| RECORD SET |
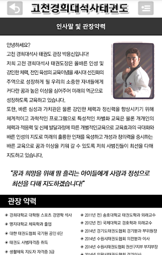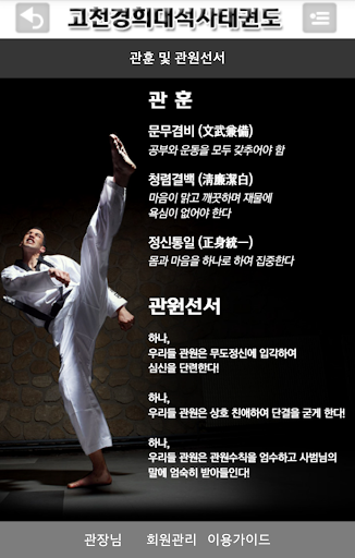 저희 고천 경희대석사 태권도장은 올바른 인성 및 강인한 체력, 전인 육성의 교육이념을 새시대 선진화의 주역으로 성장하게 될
...
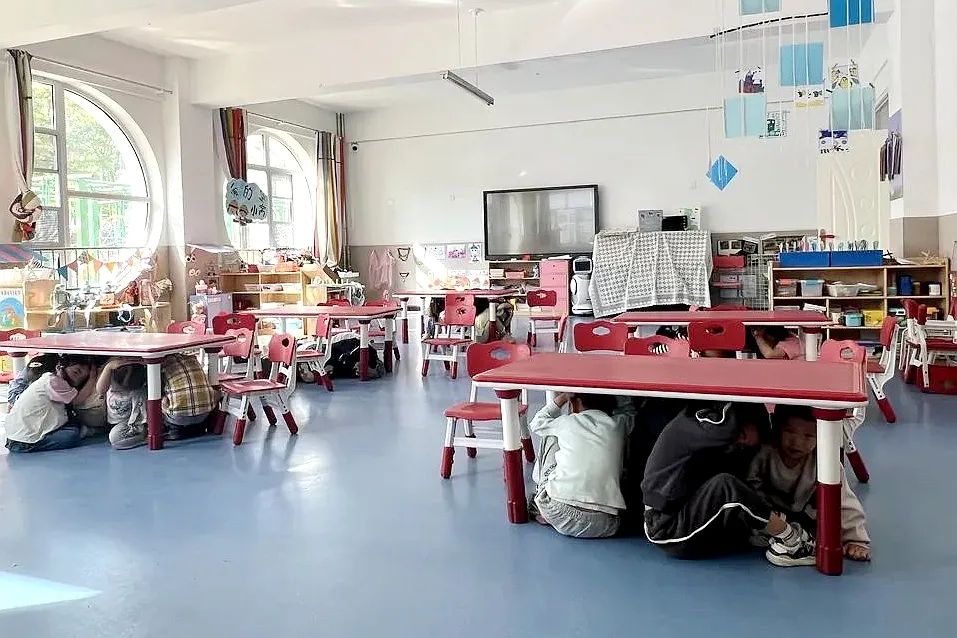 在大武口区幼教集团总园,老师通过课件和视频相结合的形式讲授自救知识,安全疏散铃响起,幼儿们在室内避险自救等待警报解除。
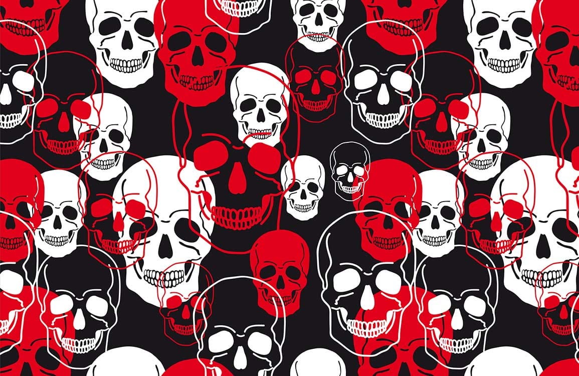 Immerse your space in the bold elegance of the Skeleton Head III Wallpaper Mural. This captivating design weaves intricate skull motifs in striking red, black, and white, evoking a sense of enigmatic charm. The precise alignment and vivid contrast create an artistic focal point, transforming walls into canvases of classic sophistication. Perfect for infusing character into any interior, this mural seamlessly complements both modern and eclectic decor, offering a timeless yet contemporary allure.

| DIRECTIONS FOR THIS TASK |
Nothing but the lines above, starting at the line that contains "在大武口区幼教集团总园,老师" and ending at the line that contains "Immerse your space", should be given again, exactly and without the pictures.

| FINISHED EXERCISE |
 在大武口区幼教集团总园,老师通过课件和视频相结合的形式讲授自救知识,安全疏散铃响起,幼儿们在室内避险自救等待警报解除。
 Immerse your space in the bold elegance of the Skeleton Head III Wallpaper Mural. This captivating design weaves intricate skull motifs in striking red, black, and white, evoking a sense of enigmatic charm. The precise alignment and vivid contrast create an artistic focal point, transforming walls into canvases of classic sophistication. Perfect for infusing character into any interior, this mural seamlessly complements both modern and eclectic decor, offering a timeless yet contemporary allure.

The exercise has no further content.